Furthermore, I think the Screensavers are also stored in these directories. Understanding these will probably help me solve my disappearing screensavers problem.
I've had the same problem. In my case, modifications made using menudrake never appeared in my copy of the KDE menu. Drawing on your comment, I put a new shortcut (a .desktop file) in ~/.kde/share/applnk-mdk/Networking/ and everything was hunky-dory.
For now, I will eschew menudrake and try to just edit the ~/.kde/applnk subdirectories by hand. At least that works! The file formats are pretty much self-explanatory, IMHO.
I think that you can run MenuDrake, then click the icon for "MenuStyle". Select "Original Menu". If I am right you will now see the KDE or Gnome menu rather than the Mandrake menu. You will be able to use KMenuEdit to edit it.
(I say "think" because I have not tried it yet in 9.1, I did this in 9.0 and it worked).

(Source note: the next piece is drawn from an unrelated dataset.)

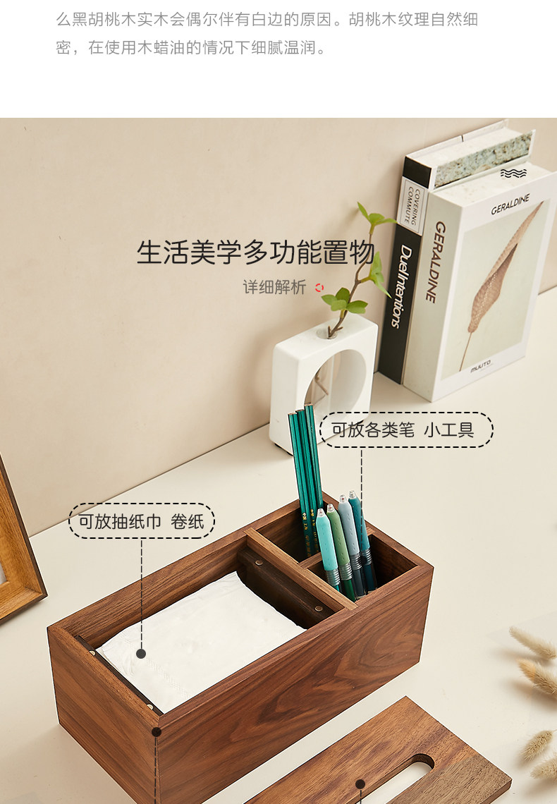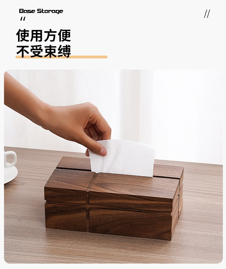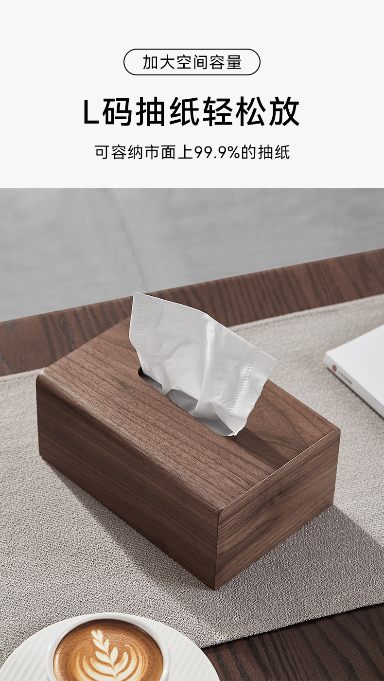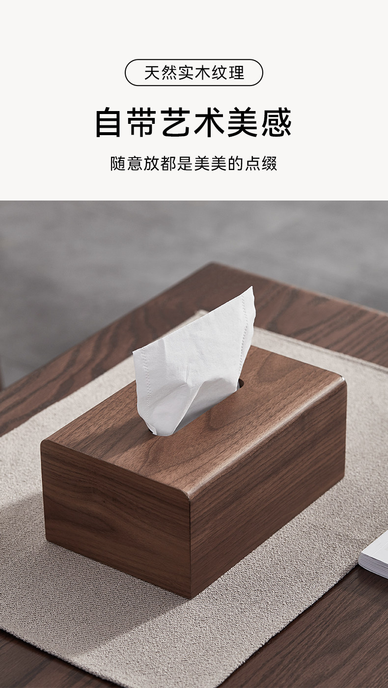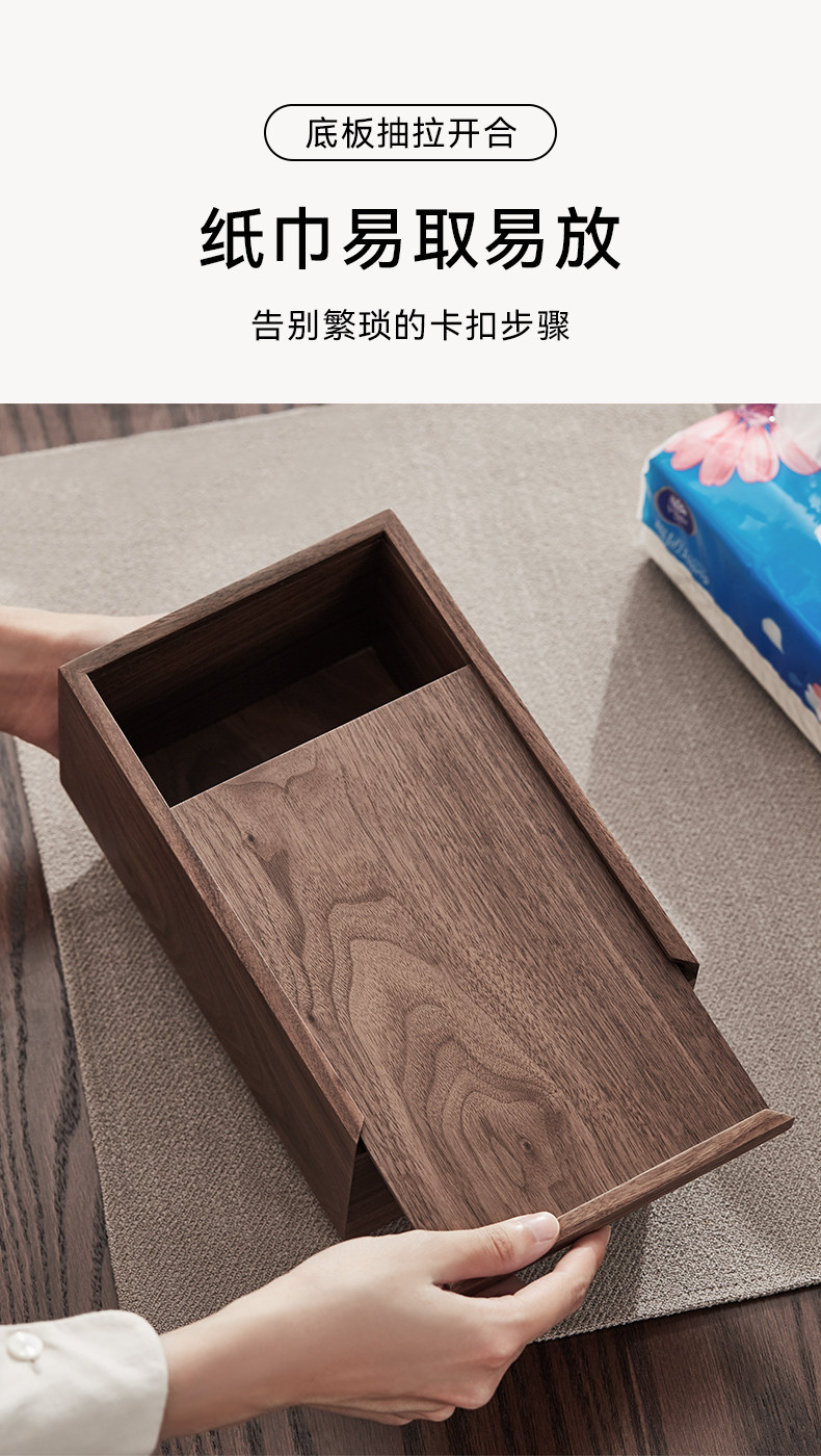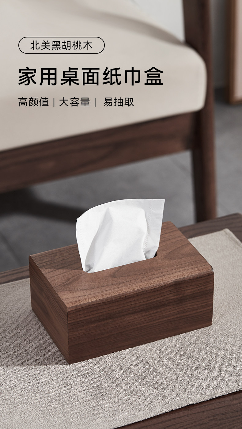 商品名称:黑胡桃木纸巾盒实木客厅纸抽盒木质收纳抽轻奢家用餐巾纸盒定logo

Thanks, davecs. The only thing I don't understand is ... what the heck does menudrake modify? I guess it's time to read the source.....
In general, I like the Mandrake tools, but some of them don't seem like improvements over ofther tools (e.g., the KDE user editor is manifestly superior to the Mandrake tool) ---they just duplicate functions, and cause confusion..... :-( But I suppose it isn't possible for Mandrake to embed the KDE tools in their perl framework, and they don't want to hide the KDE tools (although that might be a less confusing alternative).
The way KDE works under Mandrake, it can use more than one directory as a source for its menu. Selecting the different options in Menudrake not only decide which Menu Editor prevails, it also causes a different set of directories to be used.
There are some important differences between similar functions in KDE and Mandrake Control Centres. After a while you get to know what is best for each job. For example, to change the Desktop Startup Manager program to the KDE version, KDM, you need to select it under Mandrake CC, Hardware, Display Manager Chooser. Now to adjust what KDM looks like, you need KDE CC. If you want to run KDE on startup, and use MCC, KDM will be bypassed, and when you log out, you will get a two-choice menu. So in MCC you actually say you do NOT want automatic login, and then in KCC you set up KDM for automatic login. Now KDM runs, logs you in, and when you log out, you get the full choice of options.
The font installer in KCC is much better than in MCC. But MCC covers many things that KCC does not (and vice versa). You tend to work it out in the end.